Jacob's mother is considering quitting her part-time job because the family would then become financially eligible for waiver services.  While she is the main breadwinner of the family, her husband's employer provides the family's health insurance and he is thus unable to leave his job.  The family would suffer financially if Jacob's mother quit her job, most likely forcing them to sell their home, but at least Jacob would be able to receive the services he so desperately needs.

These are just some of the difficult decisions and consequences that can come about with a simple move from state to state.  Children may lose benefits or eligibility completely, children must start again at the bottom of waiting lists, and families must make impossible choices to try to make ends meet to get needed services for their children.

It is my belief that Medicaid waivers need to be made more portable from state to state, because it is simply not acceptable for Jacob and Jessica to have all of their needs met in one state and none met in another state.  If a child requires a certain level of care and services, that child should receive those services no matter what state the child lives in.

Here are some proposals:
  • All states must end waiting lists.  If a child qualifies for a program, the child should be able to receive services through the program immediately.  If this is something you support, see the website for the National Organization to End the Waitlists
  • While it is understandable that different states need different programs to deal with varying populations, all states must have at least basic programs in several core areas, including a program for children who are medically fragile and a program for children with developmental disabilities and autism.
  • Income guidelines for these programs should be standardized, with all programs only looking at the child's income/assets. 
  • Medical or diagnostic guidelines need to be standardized so a child who is considered medically fragile in one state will be considered medically fragile in all states.  In general, states with fewer residents or fewer children with disabilities have much looser requirements than populous states with many affected children.  The services should be based on health status alone, and not how many individuals a given state can afford to cover.
  • The federal government must shoulder a greater burden financially for these services, especially for populous states.
  • States often restrict enrollment to these programs by intentionally not advertising or making explicit the details of their programs in simple language.  All states should provide detailed information on their programs in easily accessible formats and clear language.  A nationwide database of this information should be available on the internet for families to consult.

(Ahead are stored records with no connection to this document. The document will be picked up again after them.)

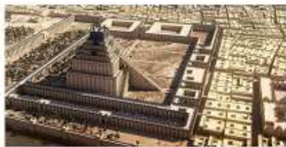
Зиккурат Этамэнанки. Реконструкция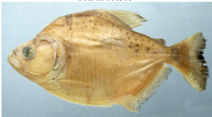
CHARACIDAE - Serrasalmus rhombeus (juvenil) - (grupo) FMNH-107217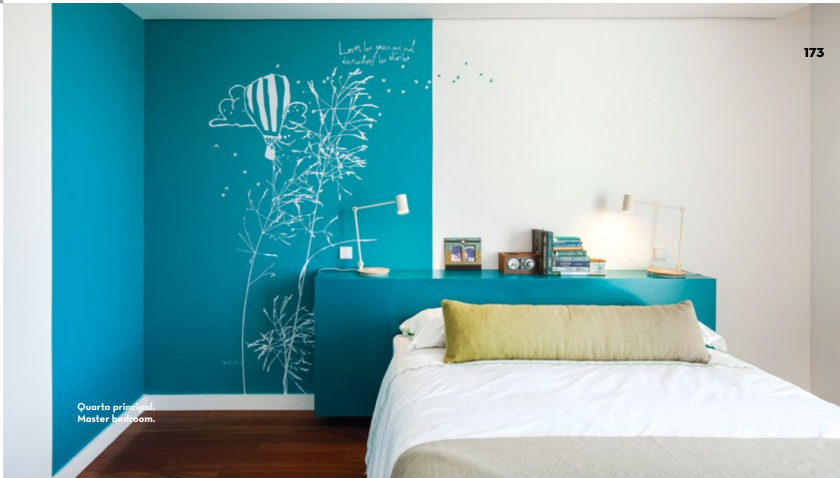
Quarto principal. Master bedroom.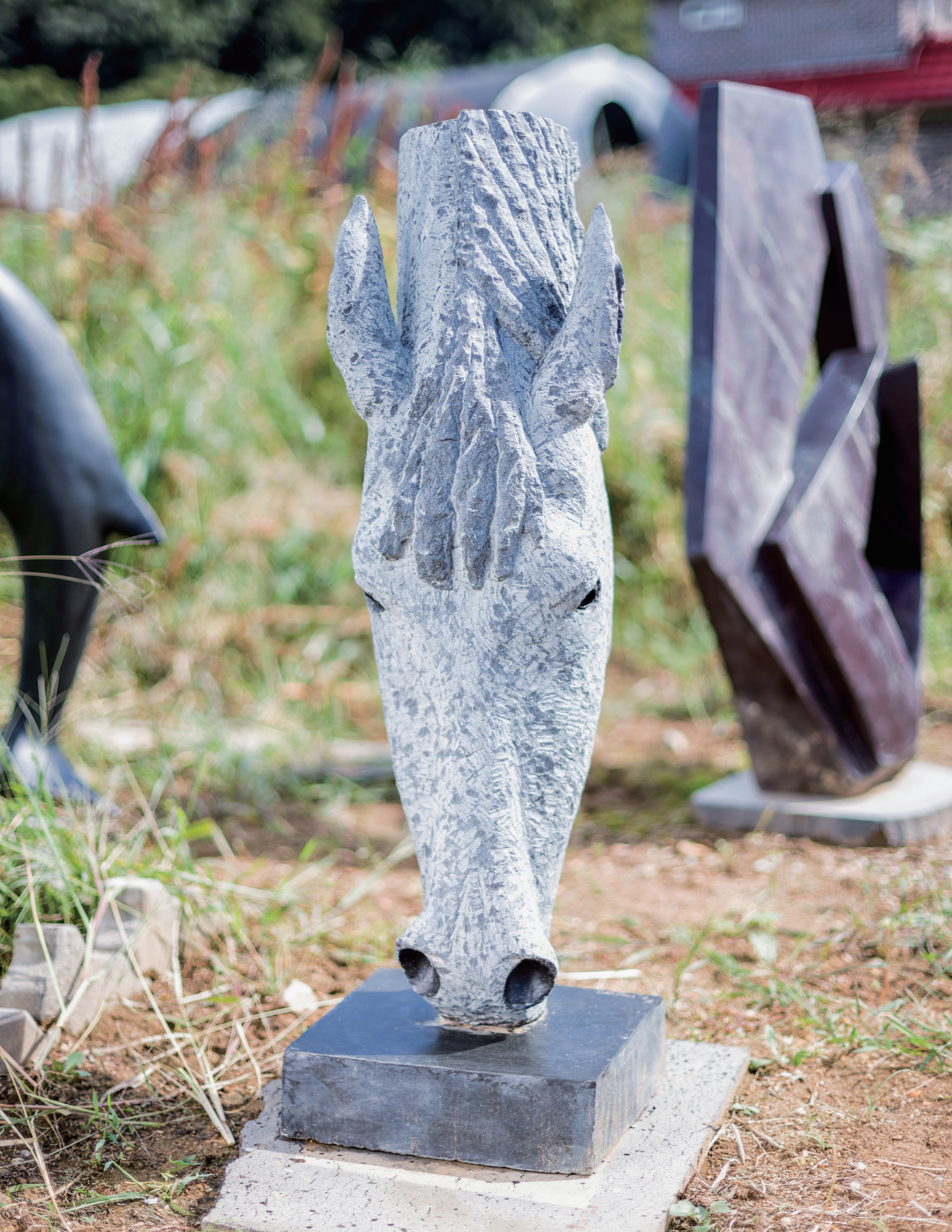
MEANINGFUL GIFT 의미있는 선물 | 동물작품

Will this cost more money?  Most likely it will, especially if wait lists are eliminated.  But it is our responsibility as citizens to provide for our children, and especially for the most vulnerable children with the greatest needs.  

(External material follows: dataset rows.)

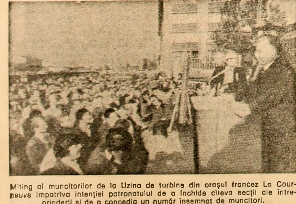
Miting al muncitorilor de la Uzina de turbine din orașul francez La Courneuve împotriva intenției patronatului de a închide cîteva ecclii ale întreprinderii și de a concede un număr însemnat de muncitori.

LISABONA 11 (Agerpres). — Președintele Portugaliei, Antonio de Sinnola, a demis întregul guvern, secretarii de stat și subsecretarii, a anunțat, joi seara, un purtător de cuvînt oficial, rețut de agențiile France Presse și United Press Inter- național. Duă cum se știe, primul ministru și patru membri ai cabinetului au demonstat marți seara. Comitetul Politic al Comitetului Central al Partidului Comunist a dat publicității o declarație în care se apreciază că formarea unui nou gu- vern impune o definire clară de po- ziții. Partidul Comunist continuă să considere că un cabinet de coaliție corespunde mai bine intereselor de- mocratizării vieții politice.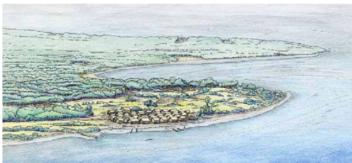
So könnte Arbon zur Steinzeit ausgesehen haben. Der Seespiegel war um 3380 v. Chr. einiges tiefer als heute.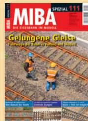
MIBA-Spezial 111 Gelungene Gleise Best.-Nr. 120 11117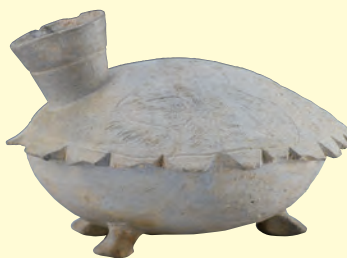
9 広島県指定重要文化財 亀形須恵器 古墳/飛鳥時代(7世紀前半) 広島県安芸高田市一ツ町古墳出土 個人蔵

Moreover, these programs have been shown to be cost effective, in both the short term and the long term, depending on the situation.  For example, a child with medical needs can be cared for at home for about two-thirds the cost of placing the same child in a nursing facility and dramatically less than in a hospital, saving millions in the short term.  Over the long term, early behavioral interventions and developmental training can help a child reach his full potential, allowing him to become an independent and employed adult in many cases.  

It is time to end the waiting lists and provide comprehensive services to all children with medical needs and disabilities, regardless of their state of residence.